Ancona to Lattes again! |
The journey there took us five days:- going at our Greyrocks slow pace.
We left Paleo on a dull but dry day but as we came "over the top" on our northerly drive the rain started and we spent the afternoon on the Nea Hora in Chania not sunbathing and swimming but looking out from the window of Akrogiali over a seafood salad and wine. (So 28th September was the last sea-swim of the season for us!). Bored, and worried about the security of fully laden Yvette we moved on to Souda Bay and sat in a bar until allowed to board. We were given a good cabin and largely lurked there as it was chilly outside with little to see in the dark. It felt like it was time to head for sunnier climes. But we did do the "gyros and beer" thing on the pool deck, and in the morning we were off in an efficient manner and facing the long day till the next voyage.

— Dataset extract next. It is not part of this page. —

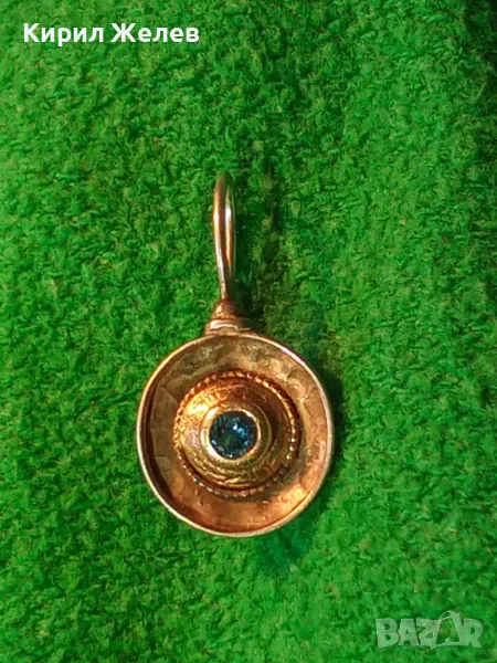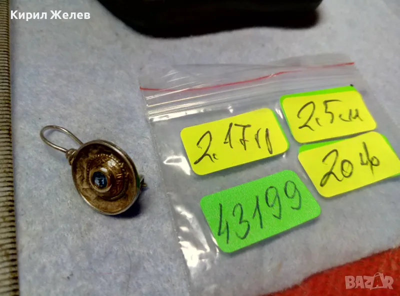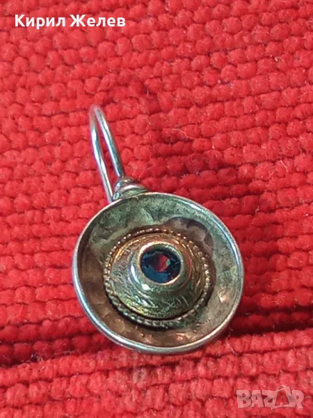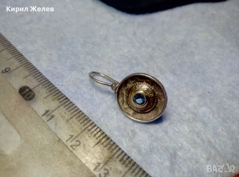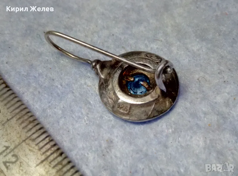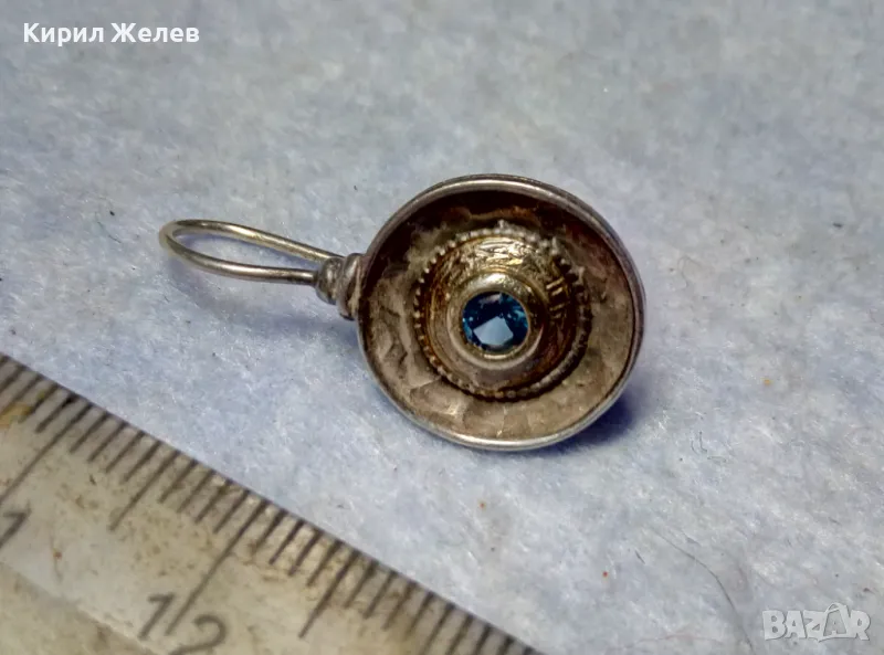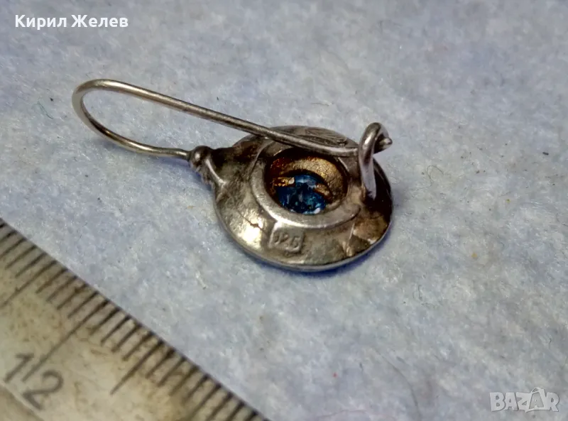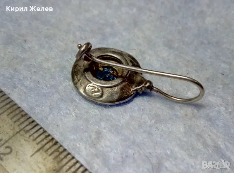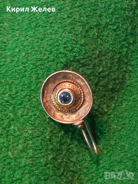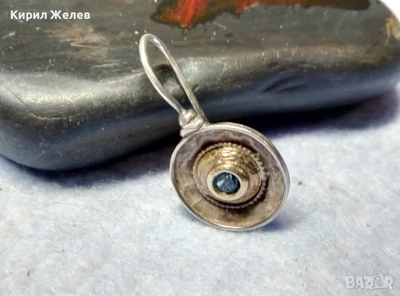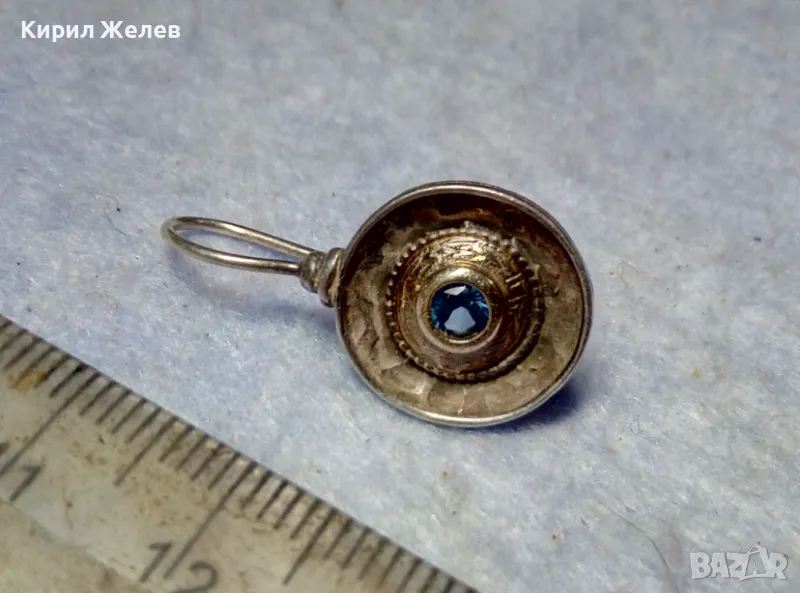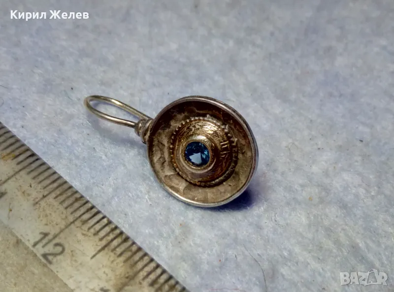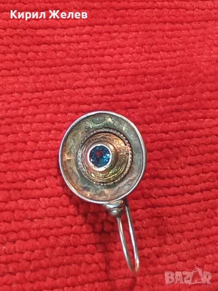 СТАРА СКЪПОЦЕННА СРЕБЪРНА ОБЕЦА СРЕБРО 925 със СИН ЦИРКОН РЪЧНА ИЗРАБОТКА с ЩЕМПЕЛ на МАЙСТОРА 43199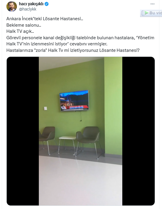 Hastalarına zorla Halk TV izleten hastane! Hacı Yakışıklı paylaştı

Not for the faint-hearted at 7am! |
Our vessel for the voyage back to Ancona was the same as going over, so we knew its strengths and weaknesses! We somehow managed to jump the boarding queue when they saw the bikes and we were required - as before - to remove them and go down two decks to the bowels (and indeed the stern-most position with its implications for next day)l but with a ridiculously small number of car travellers we got a free upgrade in cabin to consolidate us, and the evening sailing was like being on the Marie Celeste! We ate in the a la carte and chose the wrong dish, slept through the embarkation of many more cars and passengers in Igoumenitsia and treated ourselves next day to some internet time to get some jobs done! The weather was a bit grim! We were only a little late docking and on the way downstairs we crossed paths with two young stowaways of Asian heritage racing up from the vehicle decks. They may well have been the ones we had seen in Patras frantically trying to find an accessible truck - such desperation, and such grim prospects!
In contrast we had two nights ahead in rather nice Italian hotels doing remarkable deals for Autumn midweek stays. But first we had to get going! As anticipated it was a very long wait until our turn to drive up the ramps, re-load the bikes and leave the ship, but was still light, but by the time we had crawled to the autostrada it wasn't! And then it started to rain so it was as well that our target in Imola was easy to find.It was a comfortable stay and an interesting meal that merited a Booking.com entry! (we are Robert from Spain!)
Then it was back onto the autostrada and round Bologna, one of those ghastly Italian service stations with good panine, improving weather, a few roadworks causing confusion near Piacenza and gliding into the Grand Hotel Arenzano in its prime seaside location and with its grand history. We had stayed in a motel a few years ago and so know this is a charming resort with good eating. We gained early entry to a sea-view room, but saw the 1-Michelin-star restaurant and also knew we wouldn't be eating there! We did a serious promenade walk in the sun and by the time we had been given generous titbits in two different bars, we decided to people-watch instead and took back a bottle to the room. Next day we had an experience that also led to a Booking.com review, but hey!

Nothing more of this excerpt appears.